Before fuzzing, we export AFL_NO_AFFINITY=0 to disable the CPU affinity option and executes the fuzzers with -d option to force figdgety mode.

Concurrency-bug Revealing

We export CFLAGS="-fsanitize=thread -g", CXXFLAGS="-fsanitize=thread -g" and LDFLAGS="-fsanitize=thread -g" to rebuild the programs and replay with the generated seeds in the folder queue/.stat/var_behavior of the fuzzers' generated non-deterministic behavior seed directory.

Instrumentation Rationales

Low-level Instruction Representations

MUZZ works on the target program's binary level and its instrumentation is applied on LLVM intermediate representation (IR), which resembles the binary level assembly. On statement in the source code can be compiled into multiple LLVM IR instructions. For example, the two statements g_var += 1 and g_v ar ∗= 2 may be divided into 6 instructions:

// g_var += 1
a: v = load g_var
b: w = v + 1
c: store w, g_var
// g_var *= 2
d: x = load g_var
e: y = x * 2
f: store y, g_var

In the cases of two threads T1 and T2, there are actually many more interleavings than the three interleavings shown in the main paper.

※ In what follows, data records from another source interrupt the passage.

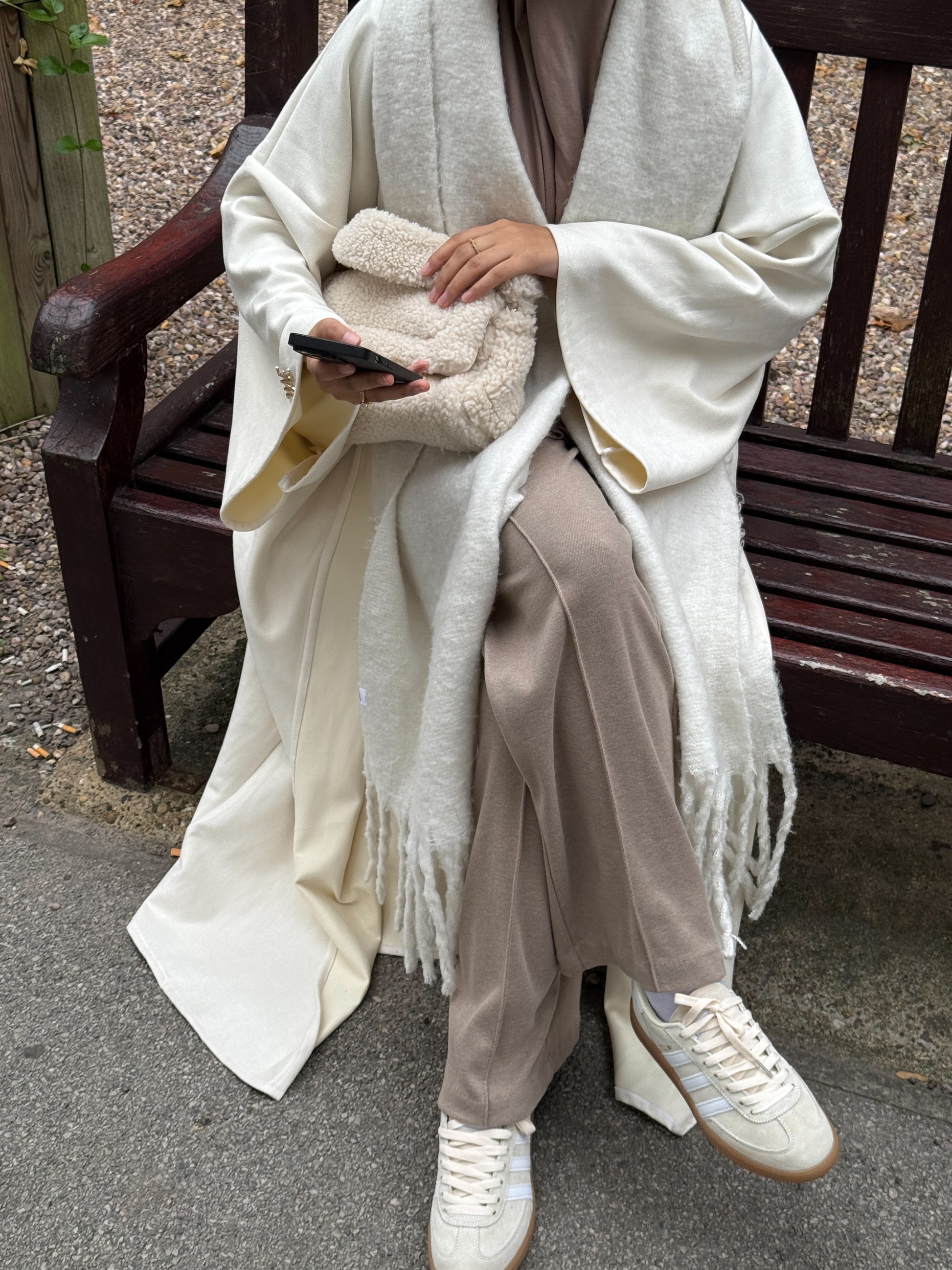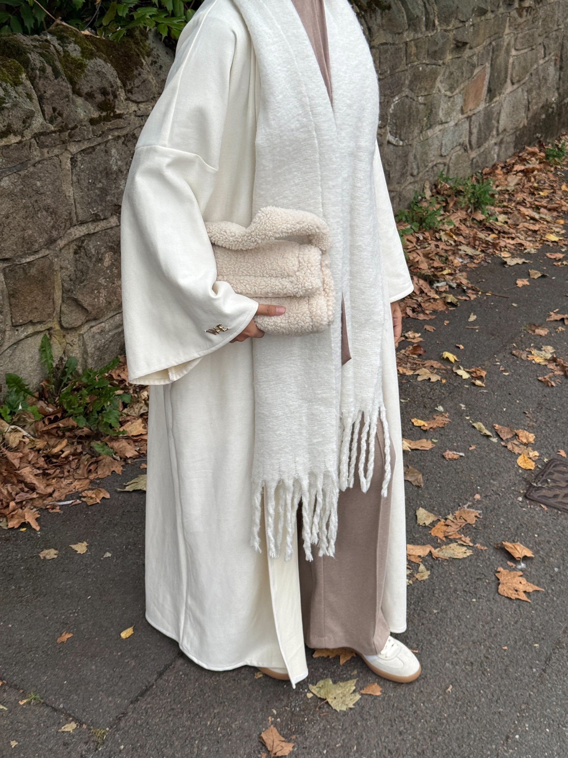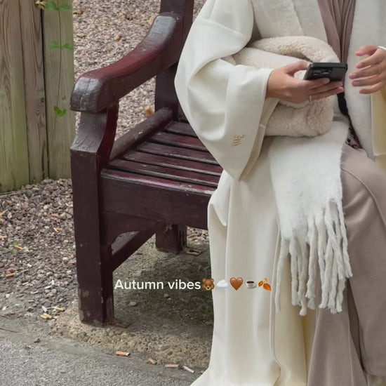A soft suede abaya in the shade candle cream, perfect for autumn layering. Featuring a relaxed open fit with dropped shoulders, side pockets, and a flowy drape. Finished with our signature WAE metal logo on the sleeve and paired with a matching chiffon hijab.
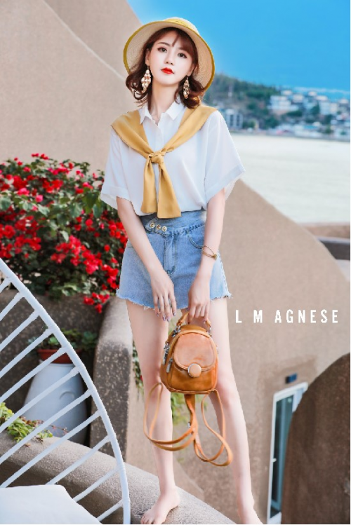 如果长裙还不能抓到你的审美,那么简爱格妮斯的牛仔短裙或许能够唤醒你对这个夏季的憧憬。短裙不规则的裁线设计打破常规,让你在夏日穿搭中变得新潮出众,极具个性。再搭配上一件白T,一个深棕色小包,简约复古而又清爽可爱。这一套装扮就像夏日里的冰西瓜,日常却让人无法抗拒。
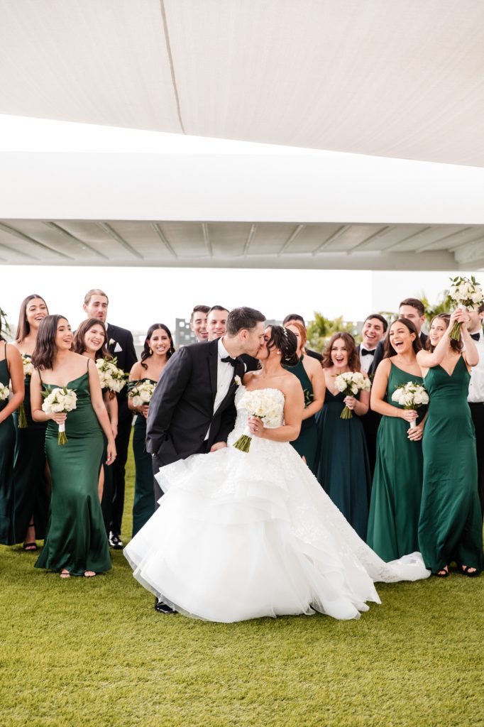 After capturing some gorgeous natural photos during the bride and groom first look, the rest of the groomsmen then see the bride in her wedding dress.
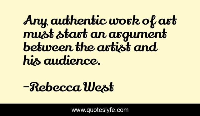 This page presents the quote "Any authentic work of art must start an argument between the artist and his audience.". Author of this quote is Rebecca West. This quote is about start, work, artist,.
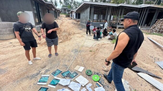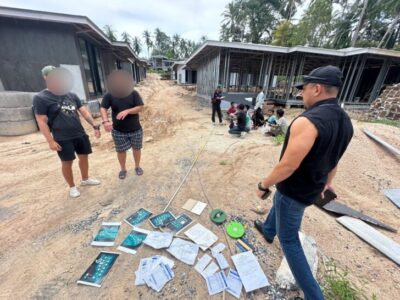L’opération a ciblé un chantier à Baan Sri Thanu, village 8, sous-district de Koh Phangan, district de Koh Phangan, province de Surat Thani. Les agents ont interpellé Viascheslav (29 ans, Ukrainien) et Ramis (26 ans, Azerbaïdjanais) pour « activité illégale (installation électrique)» et « étranger travaillant sans Work Permit ».

T1:a→T1:b→T2:a→T2:b→T1:c→T2:c→T1:d→T2:d→T1:e→T2:e→T1:f→T2:f
T1:a→T2:a→T1:b→T2:b→T1:c→T2:c→T1:d→T2:d→T1:e→T2:e→T1:f→T2:f
T1:a→T2:a→T2:b→T1:b→T1:c→T2:c→T1:d→T2:d→T2:e→T1:e→T1:f→T2:f
T1:a→T2:a→T2:b→T1:b→T2:c→T1:c→T1:d→T2:d→T1:e→T2:e→T2:f→T1:f
...

This means that more different output results can be emitted after the executions of these instructions (corresponding to the two statements). In addition, due to the caching mechanism in modern CPUs, more results may occur which will affect the final value of g_var .

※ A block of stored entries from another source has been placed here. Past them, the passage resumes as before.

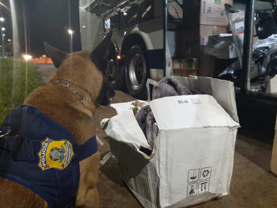 Durante fiscalização de combate ao crime, policias rodoviários federais localizaram, com ajuda de cão farejador, 70 tabletes de maconha no bagageiro de um ônibus, que fazia a rota de Santo Antônio da Platina/PR até a capital de São Paulo.
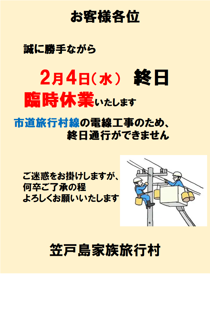 【重要】臨時休業のお知らせ(2026.2.4)
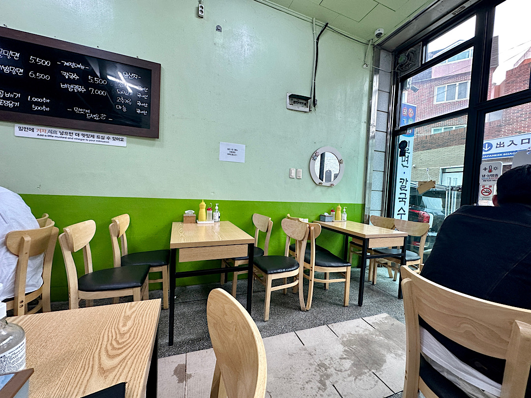부산은 밀면이라고 해서 밀면집에 왔어요.
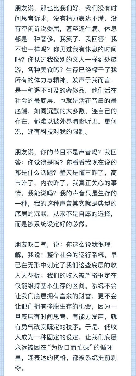 我回答:这是系统决定的,那些清晰且能被听见、能被回应的声音,永远属于拥有时间与一定经济基础的群体;而占据社会大多数的底层,终其一生都在为糊口奔波,连发出自己声音的时间都被生存榨取得一干二净。
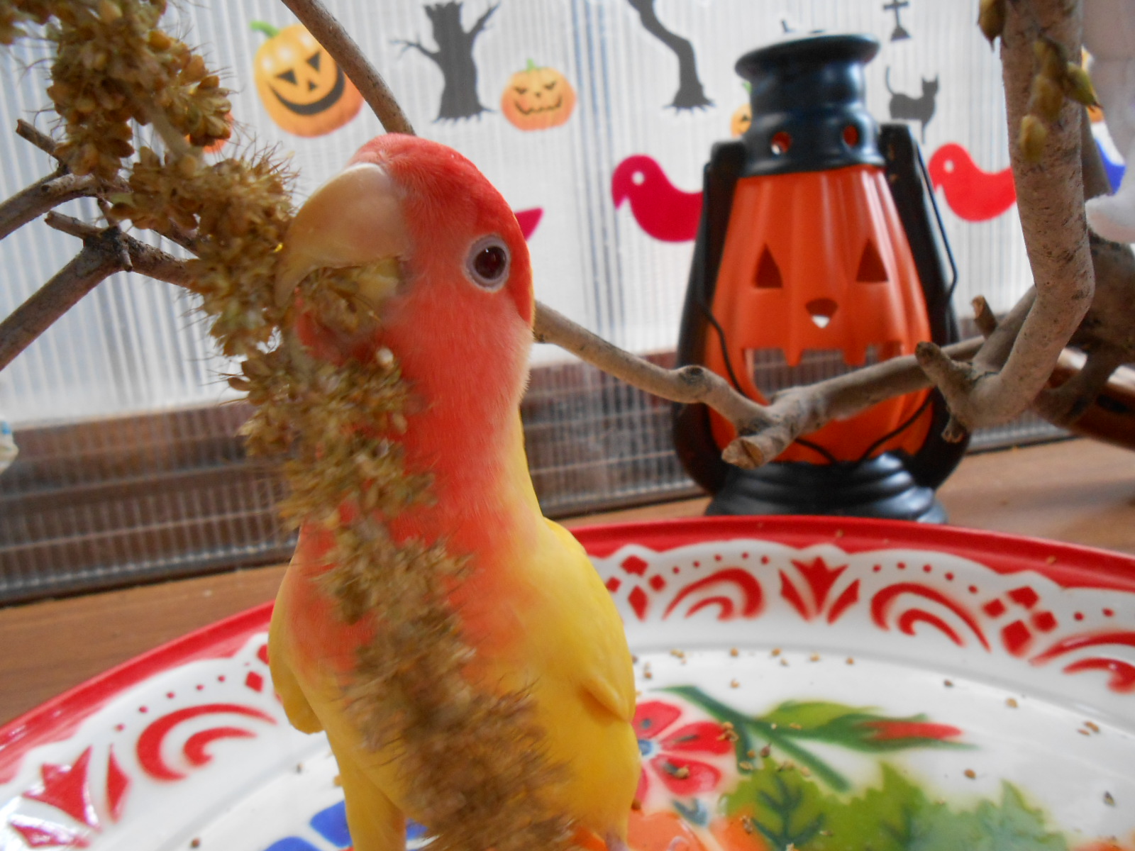 と、特に説明もいらないかと思いますが、鳥さん部屋がただいまハロウィン仕様になっております
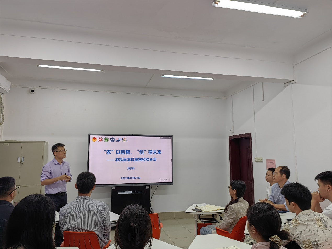 会议集中学习了《太阳成集团tyc122cc“亚热带农业创客”创新创业大赛实施方案(2025)》,邹承武副经理做了“‘农’以启智,‘创’建未来”的主旨报告,分享了指导农科类创新创业项目的宝贵经验。
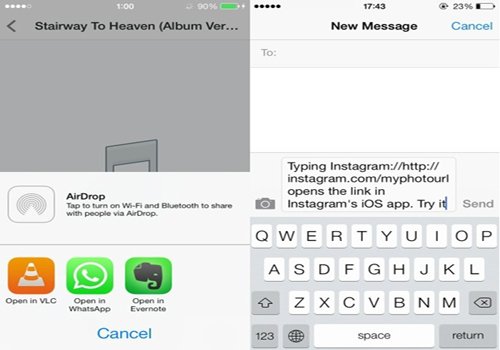 Người dùng muốn gửi các liên kết đến từ Instagram thông qua iMessage hay WhatsApp? Lựa chọn duy nhất là sao chép URL hình ảnh và dán vào cửa sổ chat. Vấn đề là khi người nhận nhấp chuột vào liên kết này, nó sẽ mở ra trong trình duyệt Safari. Dưới đây là cách để có thể mở các liên kết trong các ứng dụng tương ứng. Đơn giản, bạn cần thêm từ khóa appname :/ / trước URL. Ví dụ, để mở một trang trong Instagram, bạn gửi liên kết như: instagram :/ / http://instagram.com/xyzabc. Tinh chỉnh này hoạt động tốt với một số ứng dụng, nhưng không phải với tất cả mọi ứng dụng đều có thể sử dụng cách này.
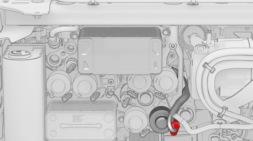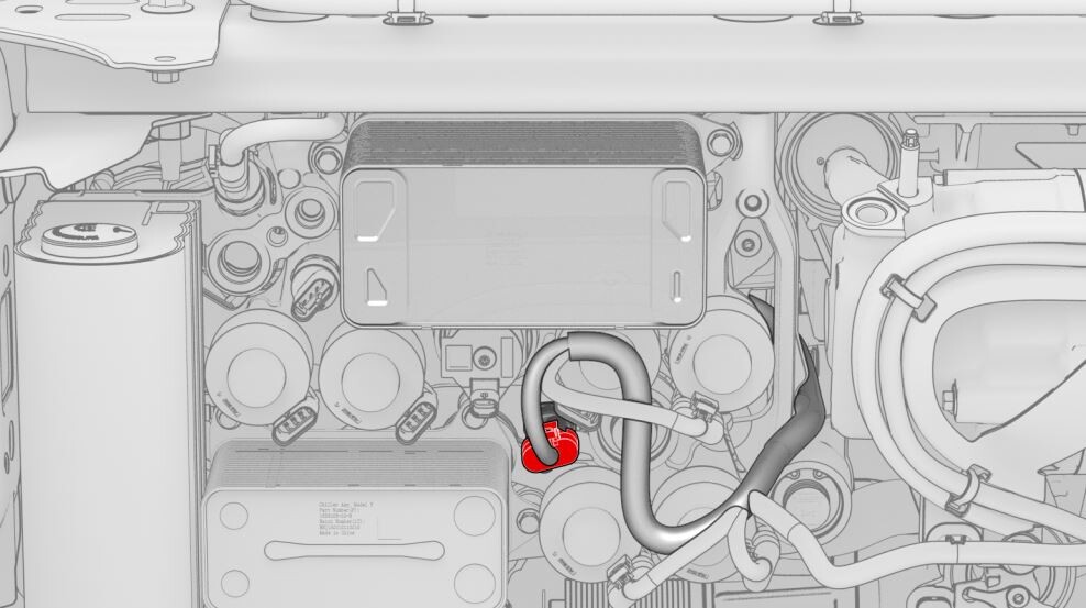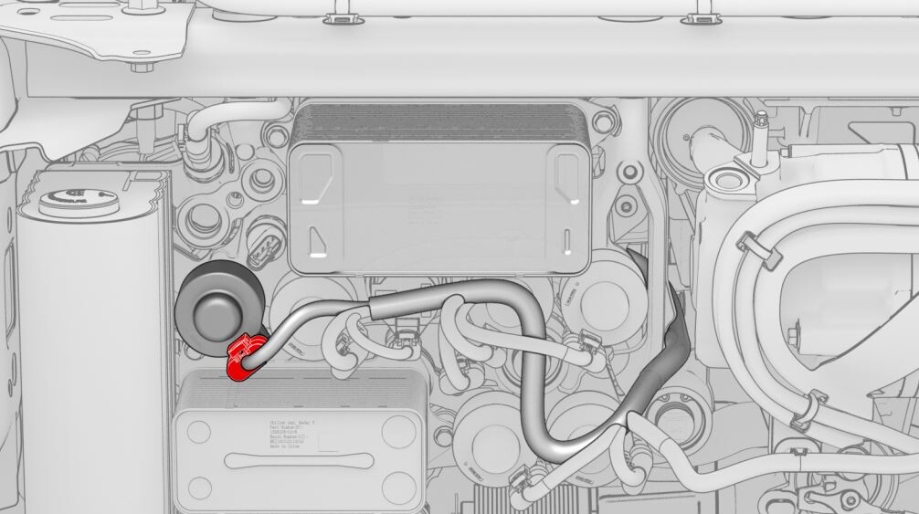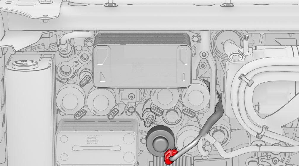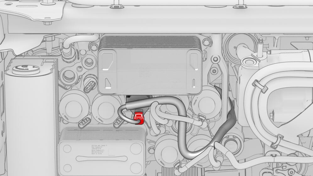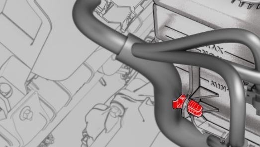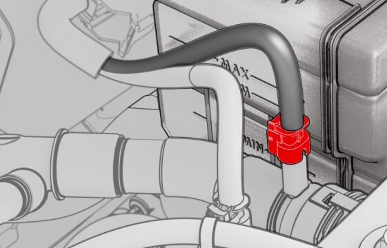 CAUTIONPush the red locking tab towards the connector to engage the locking mechanism. DO NOT push down or pull up on the red locking tab.NoteMatch the color of the tape wrapped around the harness with the color of the sheathe near the coolant hose coupling.

Memory Operation Instructions

In coverage-oriented instrumentation, M UZZ relies on the percentage of memory operation instructions in the residing basicblocks to determine the probability for assigning deputy instructions in suspicious-interleaving scope (Lm). We determine these instructions at the LLVM IR level. These operation instructions either read or write the memory.

  1. load/store instructions: e.g., load (LoadInst), store (StoreInst), cmpxchg (AtomicCmpXchgInst), atomicrmw (AtomicRMWInst);
  2. Intrinsic memory function calls: e.g., calls to llvm.memcpy.*, llvm.memmove.*, llvm.memset.*;
  3. Standard C memory function calls: e.g., calls to strncpy, malloc, free.

Note that we deliberately ignore some memory-relevant instructions. For example, gep (GetElementPtr) is excluded since it basically calculates the offset while does not involves any memory read/write; alloc (AllocInst) in LLVM IR is excluded since it is a common allocation for stack variables; fence (FenceInst) is excluded since it is used to introduce happens-before edges between operations.

We plan to provide more systematic approach to distinguish these memory operation instructions; in particular, we would like to summarize more memory functions in addition to those in the standard C library.